*REQUIRED ACTION*. Within the listing below, please copy exactly the lines between the line holding "Reproduction of the" and the line holding "time: 40 seconds", inclusive.
------ SOURCE MATERIAL
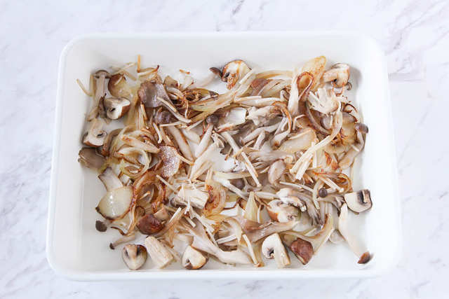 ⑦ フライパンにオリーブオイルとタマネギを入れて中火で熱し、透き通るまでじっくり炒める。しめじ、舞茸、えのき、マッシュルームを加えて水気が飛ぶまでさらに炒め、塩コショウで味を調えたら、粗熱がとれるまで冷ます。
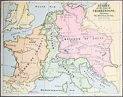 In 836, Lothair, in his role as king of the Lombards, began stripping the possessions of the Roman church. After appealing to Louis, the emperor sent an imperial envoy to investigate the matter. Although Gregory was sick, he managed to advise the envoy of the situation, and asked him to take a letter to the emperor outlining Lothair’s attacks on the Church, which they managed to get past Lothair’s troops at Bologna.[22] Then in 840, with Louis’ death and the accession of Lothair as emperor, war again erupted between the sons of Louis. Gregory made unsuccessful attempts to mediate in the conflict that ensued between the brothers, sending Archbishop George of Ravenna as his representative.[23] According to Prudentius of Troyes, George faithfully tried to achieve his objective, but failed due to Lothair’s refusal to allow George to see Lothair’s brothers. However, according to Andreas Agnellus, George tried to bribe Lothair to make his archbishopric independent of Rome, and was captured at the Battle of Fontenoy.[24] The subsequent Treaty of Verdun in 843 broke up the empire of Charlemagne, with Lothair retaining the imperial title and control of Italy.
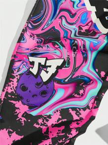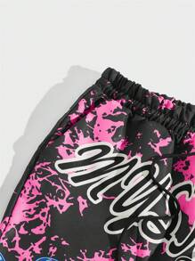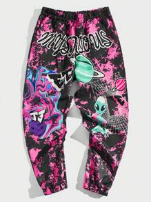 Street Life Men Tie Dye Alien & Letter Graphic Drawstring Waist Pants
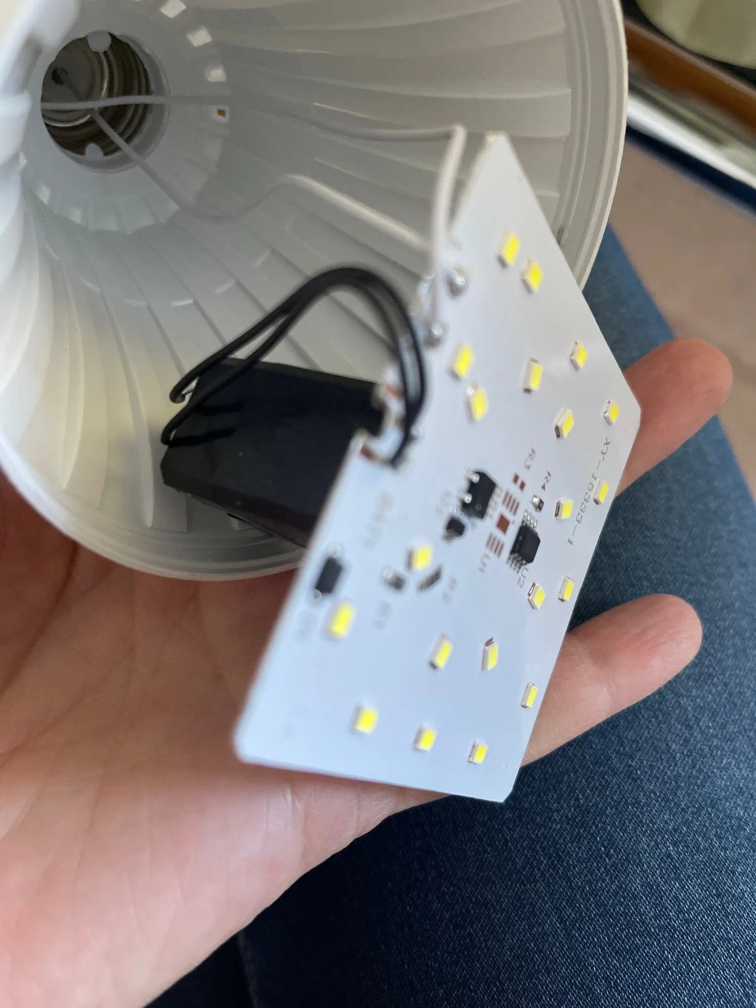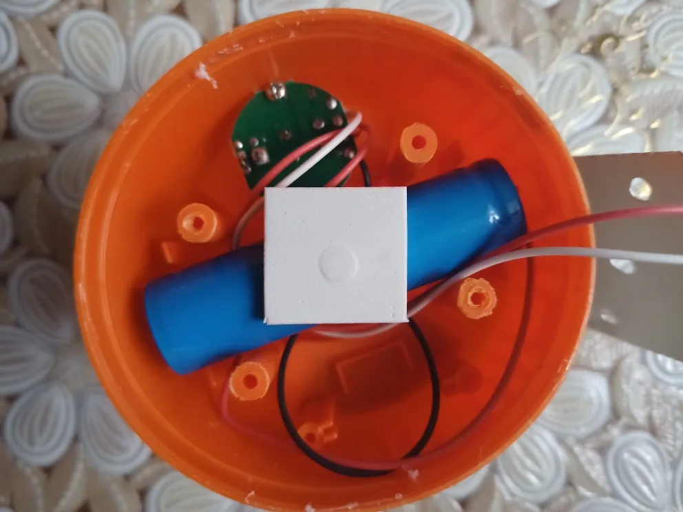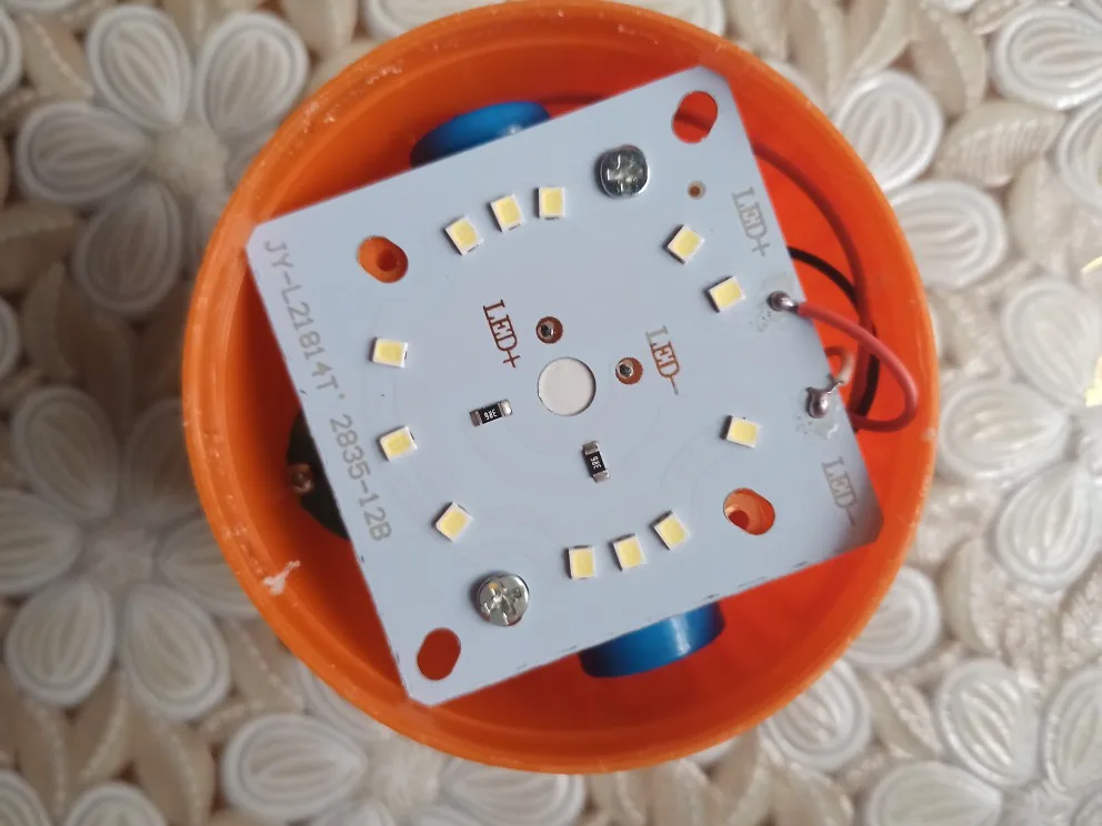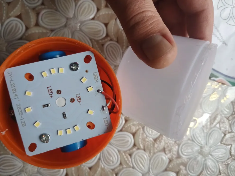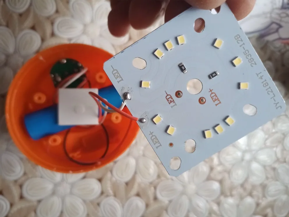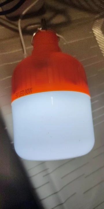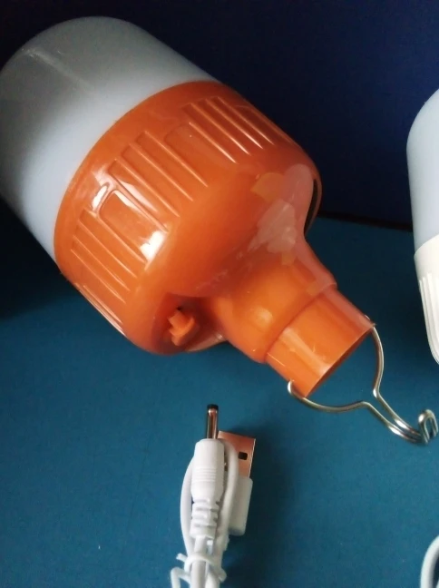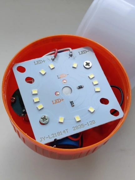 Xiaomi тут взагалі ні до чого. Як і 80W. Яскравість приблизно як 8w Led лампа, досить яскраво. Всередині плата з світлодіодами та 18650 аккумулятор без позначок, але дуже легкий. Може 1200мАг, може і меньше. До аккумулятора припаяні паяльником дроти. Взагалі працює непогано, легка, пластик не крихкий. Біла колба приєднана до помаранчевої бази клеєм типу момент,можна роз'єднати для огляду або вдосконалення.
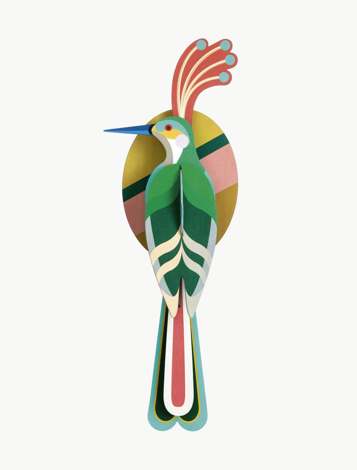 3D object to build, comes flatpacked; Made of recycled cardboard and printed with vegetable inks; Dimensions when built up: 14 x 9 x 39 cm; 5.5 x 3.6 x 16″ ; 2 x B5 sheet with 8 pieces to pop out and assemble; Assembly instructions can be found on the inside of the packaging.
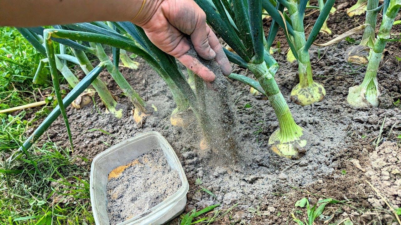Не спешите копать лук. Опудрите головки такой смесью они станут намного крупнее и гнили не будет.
------------
------ SOURCE MATERIAL
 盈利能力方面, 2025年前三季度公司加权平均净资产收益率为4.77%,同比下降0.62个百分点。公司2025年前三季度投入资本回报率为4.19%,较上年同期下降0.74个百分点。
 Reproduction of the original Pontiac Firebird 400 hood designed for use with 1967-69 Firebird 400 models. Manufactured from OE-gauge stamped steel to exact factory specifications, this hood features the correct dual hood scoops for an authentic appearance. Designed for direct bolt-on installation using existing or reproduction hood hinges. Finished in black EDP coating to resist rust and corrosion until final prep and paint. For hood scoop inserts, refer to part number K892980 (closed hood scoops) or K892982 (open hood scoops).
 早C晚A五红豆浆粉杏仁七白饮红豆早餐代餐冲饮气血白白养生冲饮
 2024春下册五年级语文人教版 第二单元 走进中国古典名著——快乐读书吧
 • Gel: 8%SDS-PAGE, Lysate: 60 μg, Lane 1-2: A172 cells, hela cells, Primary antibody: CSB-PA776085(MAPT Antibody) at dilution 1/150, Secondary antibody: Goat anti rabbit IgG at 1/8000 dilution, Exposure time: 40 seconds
------------
*WRITTEN REPLY*.
 Reproduction of the original Pontiac Firebird 400 hood designed for use with 1967-69 Firebird 400 models. Manufactured from OE-gauge stamped steel to exact factory specifications, this hood features the correct dual hood scoops for an authentic appearance. Designed for direct bolt-on installation using existing or reproduction hood hinges. Finished in black EDP coating to resist rust and corrosion until final prep and paint. For hood scoop inserts, refer to part number K892980 (closed hood scoops) or K892982 (open hood scoops).
 早C晚A五红豆浆粉杏仁七白饮红豆早餐代餐冲饮气血白白养生冲饮
 2024春下册五年级语文人教版 第二单元 走进中国古典名著——快乐读书吧
 • Gel: 8%SDS-PAGE, Lysate: 60 μg, Lane 1-2: A172 cells, hela cells, Primary antibody: CSB-PA776085(MAPT Antibody) at dilution 1/150, Secondary antibody: Goat anti rabbit IgG at 1/8000 dilution, Exposure time: 40 seconds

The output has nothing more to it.